Maybe Lewis' musings on this are out-of-date as well, but this all reminds me of
his "Abolition of Man" --the indignity (inhumanity) of anyone being denied the
human right to actually be *responsible* for their actions. Lewis paints
Orwellian visions of "rehabilitation centers" from which unfortunate parties
(future Christians?) will only emerge after they have been relieved of any
offending sensibilities as determined by the controlling elites of the day.

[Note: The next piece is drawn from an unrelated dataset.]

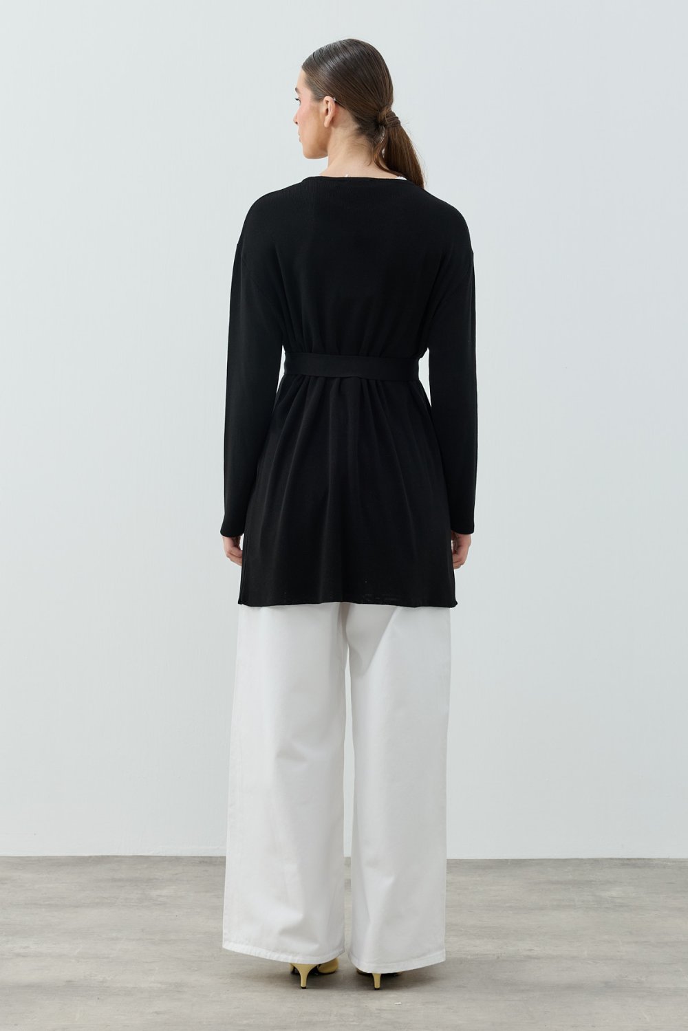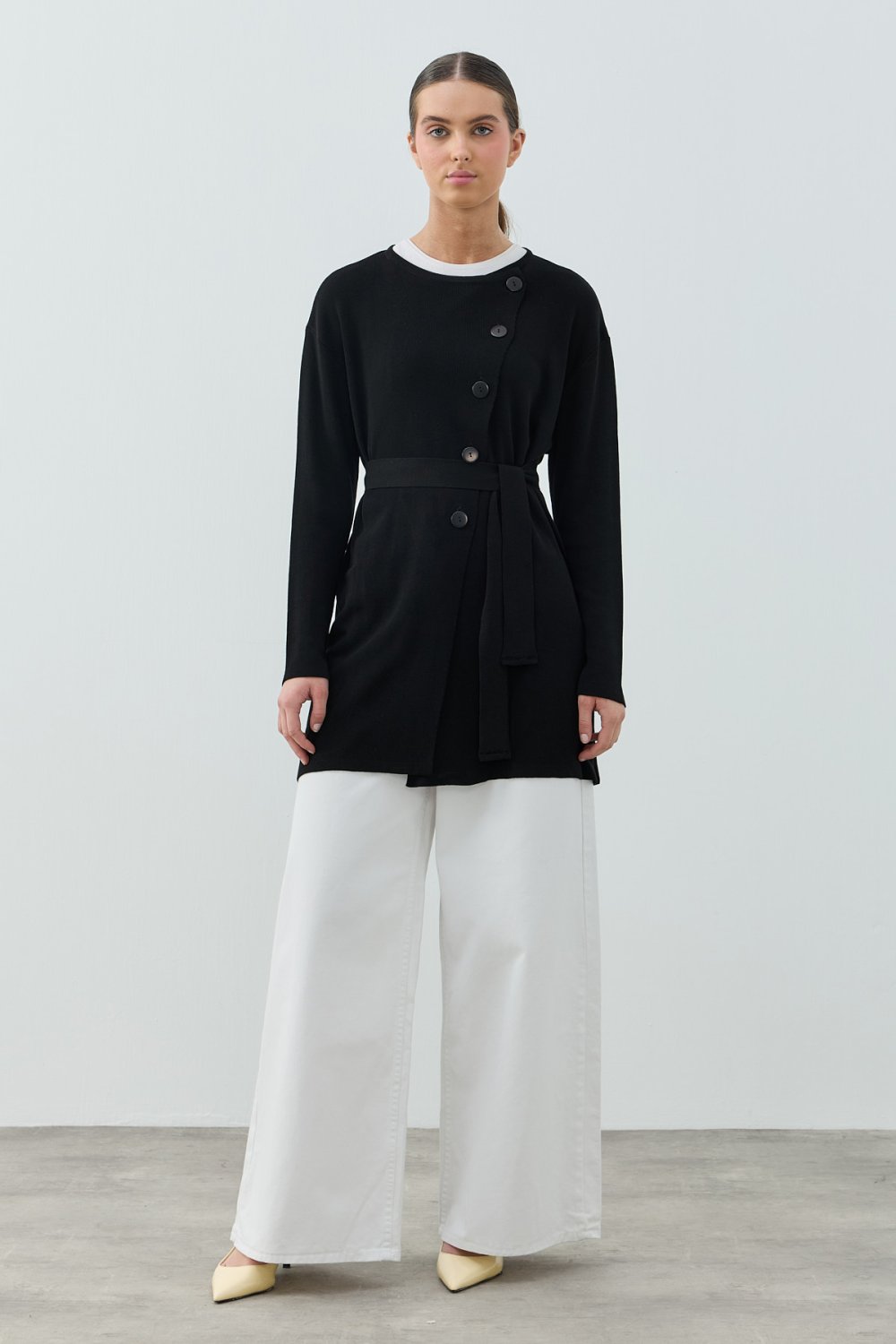 • Tasarım: Önden çapraz düğme detaylı, kuşaklı

I am glad that such questions are mostly safely beyond the reach of science, and
I hope not too many others in power think the same way as your colleague does,
David.
--Merv
Quoting George Murphy <GMURPHY10@neo.rr.com>:
> I thought B.F. Skinner was dead. He had some slight excuse for believing in
> Laplacian determinism since quantum theory hadn't had much of an impact
> beyond physics when he was being educated & chaos theory had not yet been
> invented. Nowadays talking so casually about determinism is like believing
> in phlogiston.
>
> & that's only for starters.
>
> Shalom
> George
> http://home.neo.rr.com/scitheologyglm
> ----- Original Message -----
> From: David Opderbeck
> To: ASA
> Sent: Thursday, October 16, 2008 3:39 PM
> Subject: [asa] Law, Mind, Free Will
>
>
> We had a fascinating talk at the law school today by a lawyer who is a
> behavioural psychologist. His perspective was that we should no longer
> include any aspects of "punishment" in criminal law because the notion of
> "mens rea" -- that an intentional mental state is required for an act to be
> "criminal" -- is unsound. Our mental states, he argued, arise from
> deterministic processes. "Mind" and "will" are emergent properties but they
> exert no independent downward causation. Therefore, it makes no sense to
> "punish" someone for having "bad intent". The only thing the criminal
> justice system should focus on is behavioural modification that will prevent
> recidivism.
>
> In a conversation after that talk, I asked him if most people in his field
> take the assumption that there is no independent human "mind" as a
> methodological or a metaphysical limitation. He said this is the
> metaphysical view of most people in his field.
>
> Here is a concrete example, outside our in-house debates about ID, in which
> methodological naturalism has important, and in my view terrible, social
> consequences. We cannot really say that a criminal act -- say, hitting an
> old lady with a shovel (an example he used) -- is an "evil" or "wrong" act
> that a system of justice should inherently condemn. All we can say is that
> hitting old ladies with shovels has some undesirable social consequences that
> the criminal justice system might be able to mitigate through behavioural
> engineering. In fact, this isn't simply "methodological" naturalism, it's a
> metaphysical judgment about the nature of "justice."
>
> --
> David W. Opderbeck
> Associate Professor of Law
> Seton Hall University Law School
> Gibbons Institute of Law, Science & Technology
>
To unsubscribe, send a message to majordomo@calvin.edu with
"unsubscribe asa" (no quotes) as the body of the message.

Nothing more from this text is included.